Segment Open
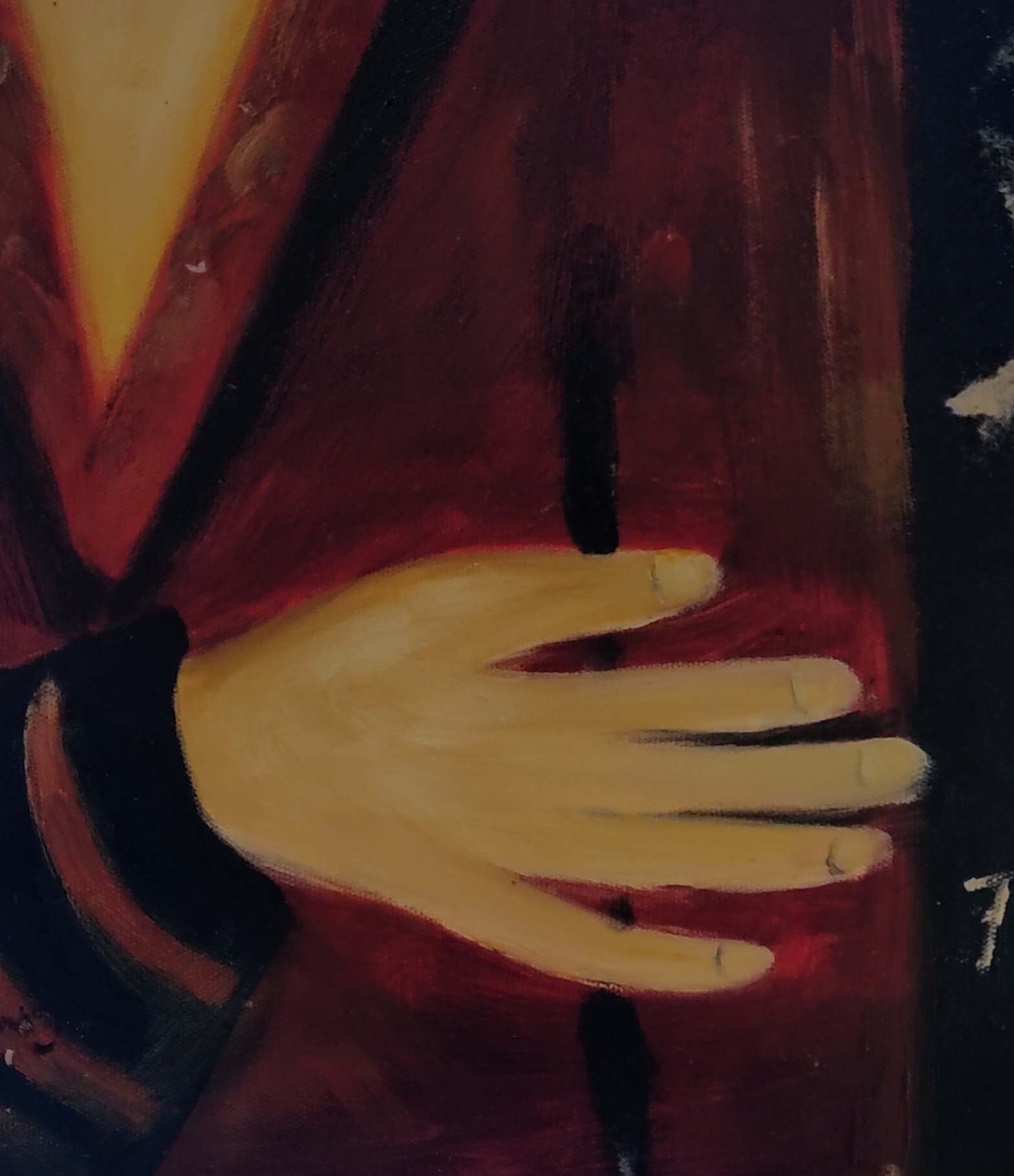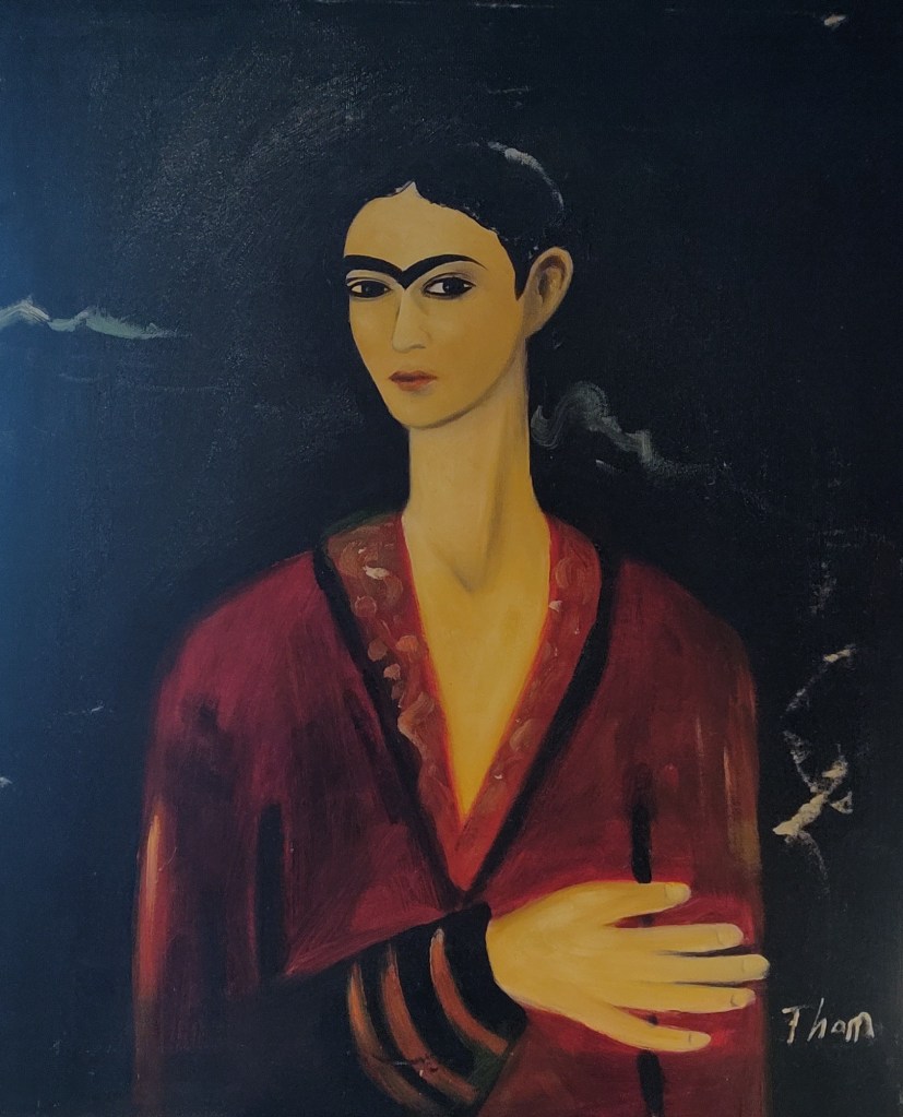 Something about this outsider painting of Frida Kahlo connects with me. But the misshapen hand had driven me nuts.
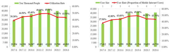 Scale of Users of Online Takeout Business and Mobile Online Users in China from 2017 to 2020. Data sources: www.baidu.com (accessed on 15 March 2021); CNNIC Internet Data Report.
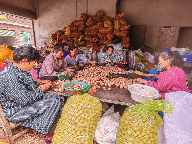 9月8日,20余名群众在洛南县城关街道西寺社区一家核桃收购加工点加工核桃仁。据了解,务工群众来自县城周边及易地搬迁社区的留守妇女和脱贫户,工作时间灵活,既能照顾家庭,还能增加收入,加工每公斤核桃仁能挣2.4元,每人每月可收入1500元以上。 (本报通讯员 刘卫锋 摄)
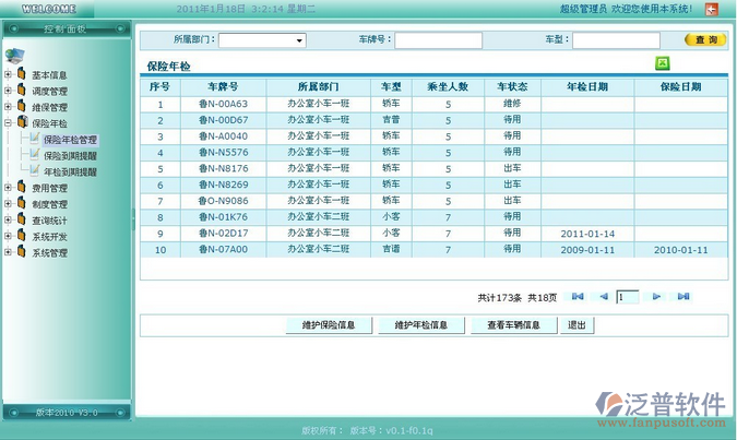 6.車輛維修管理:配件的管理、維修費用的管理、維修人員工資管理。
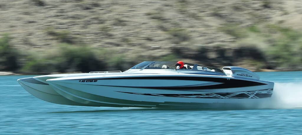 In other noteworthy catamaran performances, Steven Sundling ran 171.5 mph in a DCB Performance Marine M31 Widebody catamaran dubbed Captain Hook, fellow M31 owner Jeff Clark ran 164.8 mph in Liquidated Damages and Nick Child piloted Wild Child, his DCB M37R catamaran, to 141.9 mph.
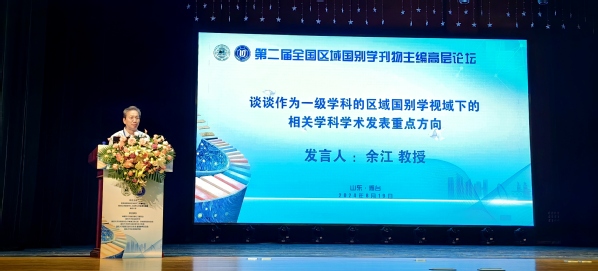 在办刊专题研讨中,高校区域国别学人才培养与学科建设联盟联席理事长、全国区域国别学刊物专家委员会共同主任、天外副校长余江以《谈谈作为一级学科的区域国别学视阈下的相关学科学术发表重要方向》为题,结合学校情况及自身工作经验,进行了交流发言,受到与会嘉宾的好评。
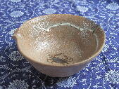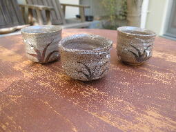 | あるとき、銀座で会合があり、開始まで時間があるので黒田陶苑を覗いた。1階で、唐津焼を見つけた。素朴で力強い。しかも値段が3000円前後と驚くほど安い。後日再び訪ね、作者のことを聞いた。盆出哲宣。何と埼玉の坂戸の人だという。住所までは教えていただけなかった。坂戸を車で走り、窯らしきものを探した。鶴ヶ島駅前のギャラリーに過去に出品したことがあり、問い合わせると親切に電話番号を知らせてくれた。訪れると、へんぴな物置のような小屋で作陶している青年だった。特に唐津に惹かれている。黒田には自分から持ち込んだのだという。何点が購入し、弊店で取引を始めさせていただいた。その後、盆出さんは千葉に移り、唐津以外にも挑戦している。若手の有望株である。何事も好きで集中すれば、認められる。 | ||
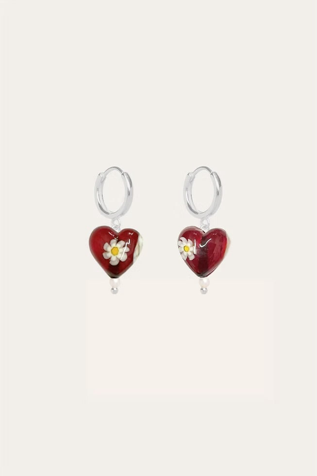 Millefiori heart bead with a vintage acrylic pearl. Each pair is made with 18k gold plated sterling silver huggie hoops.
Segment Closed
# [Exercise description]
Could you restate all of the data above word for word and skip every picture?

# [Solution below]
 Something about this outsider painting of Frida Kahlo connects with me. But the misshapen hand had driven me nuts.
 Scale of Users of Online Takeout Business and Mobile Online Users in China from 2017 to 2020. Data sources: www.baidu.com (accessed on 15 March 2021); CNNIC Internet Data Report.
 9月8日,20余名群众在洛南县城关街道西寺社区一家核桃收购加工点加工核桃仁。据了解,务工群众来自县城周边及易地搬迁社区的留守妇女和脱贫户,工作时间灵活,既能照顾家庭,还能增加收入,加工每公斤核桃仁能挣2.4元,每人每月可收入1500元以上。 (本报通讯员 刘卫锋 摄)
 6.車輛維修管理:配件的管理、維修費用的管理、維修人員工資管理。
 In other noteworthy catamaran performances, Steven Sundling ran 171.5 mph in a DCB Performance Marine M31 Widebody catamaran dubbed Captain Hook, fellow M31 owner Jeff Clark ran 164.8 mph in Liquidated Damages and Nick Child piloted Wild Child, his DCB M37R catamaran, to 141.9 mph.
 在办刊专题研讨中,高校区域国别学人才培养与学科建设联盟联席理事长、全国区域国别学刊物专家委员会共同主任、天外副校长余江以《谈谈作为一级学科的区域国别学视阈下的相关学科学术发表重要方向》为题,结合学校情况及自身工作经验,进行了交流发言,受到与会嘉宾的好评。
 | あるとき、銀座で会合があり、開始まで時間があるので黒田陶苑を覗いた。1階で、唐津焼を見つけた。素朴で力強い。しかも値段が3000円前後と驚くほど安い。後日再び訪ね、作者のことを聞いた。盆出哲宣。何と埼玉の坂戸の人だという。住所までは教えていただけなかった。坂戸を車で走り、窯らしきものを探した。鶴ヶ島駅前のギャラリーに過去に出品したことがあり、問い合わせると親切に電話番号を知らせてくれた。訪れると、へんぴな物置のような小屋で作陶している青年だった。特に唐津に惹かれている。黒田には自分から持ち込んだのだという。何点が購入し、弊店で取引を始めさせていただいた。その後、盆出さんは千葉に移り、唐津以外にも挑戦している。若手の有望株である。何事も好きで集中すれば、認められる。 | ||
 Millefiori heart bead with a vintage acrylic pearl. Each pair is made with 18k gold plated sterling silver huggie hoops.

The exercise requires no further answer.